Under Article 260(3) of the Constitution of Pakistan Ahmadis are considered ‘non-Muslim’.[9] Ahmadis are persecuted across the Muslim world but in my view no place more so than Pakistan. Under Ordinance XX since 1984 Ahmadis have been disallowed to publicly practice the Islamic faith and the Ordinance prohibits them from identifying as Muslim.[10] Consequently, an uttering of the word ‘salaam’, meaning peace, is a crime when spoken from the lips of an Ahmadi punishable by imprisonment. These laws have shaped societal sensibilities and mentalities in Pakistan to the point where a man deemed by some to be a future Nobel laureate in his field is judged not according to his merits but his faith. 

The restriction on freedom to practice one’s faith with liberty is not pertinent across the entire subcontinent. In the case of Shihabuddin Imbichi Koya Thangal vs K.P. Ahammed Koya the Indian Courts ruled contrary to their subcontinent counterpart declaring Ahmadis as Muslims.[11] The Court cited that Ahmadis believe in what the Court considered the two fundamental principles of Islam, namely that there is no God but Allah and that Muhammad is his messenger.[12] Man has long cultivated his relationship with the divine into his legal affairs, yet this instance marks a precedence where a Court has had to regulate ‘religion’ and the ’religious’. 

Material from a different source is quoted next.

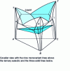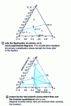 In the case of binary alloys, a single composition variable was sufficient to define the chemical composition of the alloy. With this variable on the abscissa and the temperature variable on the ordinate, a flat graphical representation of the alloy equilibrium could be obtained. In multicomponent systems, the number of composition variables is greater than one. Ternary phase diagrams thus occupy a three-dimensional space; from quaternary systems onwards, diagrams occupy hyperspaces with more than three dimensions. Ternary systems are thus the most complex that can yet be represented in their entirety in space. This three-dimensional representation is of didactic interest for understanding the qualitative evolution of alloys, e.g. solidification paths, but it soon reaches its limits, as it is never quantitative and, what's more, some readers find it difficult to "read in space". In the first half of the 20th century, these spatial representations were used extensively, and some specialists were masters of this now somewhat esoteric graphic art. Today, the tendency is to abandon cavalier perspectives and block out a sufficient number of variables (or impose specific conditions), in order to reduce ourselves to flat representations in all cases. This means giving up the global vision of the system, which in any case would be impossible beyond three elements. The ability to model multiconstituent equilibria using appropriate thermodynamic software makes it possible to work in hyperspaces containing any number of variables, and to extract certain planar representations.

Islamization-The Shift to Theocracy

The Ahmadi issue is one which is and has been intrinsically politicised in the country. The justification largely used for the discrimination is a difference in ideology, which is not the concern of this article. What is important to understand is that Islamisaztion under President Zia-ul-Huq in the 1980s brought about stricter ‘sharia’ law breeding a generation of conservatist thought.[13] The biproduct of these measures led to an increased stringent culture against anything that was not in Zia’s view ‘Islamic’. Ziad led Pakistan on a trajectory of a pointed theocracy. Ahmadis with their ‘conflicting beliefs’ are a ‘threat’ hence the constraints on their freedom to practice their religion. It is also important to highlight that the country was not always as such. Zia along with Zulfikar Ali Bhutto, PM from 1973 to 1977, radically shifted the nation. Zafarullah Khan, a now forgotten treasure, a successful jurist serving as head of the International Court of Justice served as the country’s first Foreign Minister.[14] That was before Zia and Zulfikar. Mian Atif’s appointment by Khan a few years ago for that reason demonstrates the drastic shift from Ahmadi’s serving in government to a stern theocratic condition.

Intolerance 

The struggle of the balance in liberty and Islam is not novel issue. Rushdie’s publication of The Satanic Verses is one such infamous example. More recently, the murder of Mashal Khan at a University Campus in Pakistan, who was promoting Marxist propaganda and freedom of speech, is an example of discrimination not just against one’s religion but against many human rights- He was mobbed, kicked, beaten and murdered.[15] This happened not all that long ago in 2017. In a country where education is a privilege, not a right, the unsettling actions of the intellectual elite, give an indication about the rest of the society. 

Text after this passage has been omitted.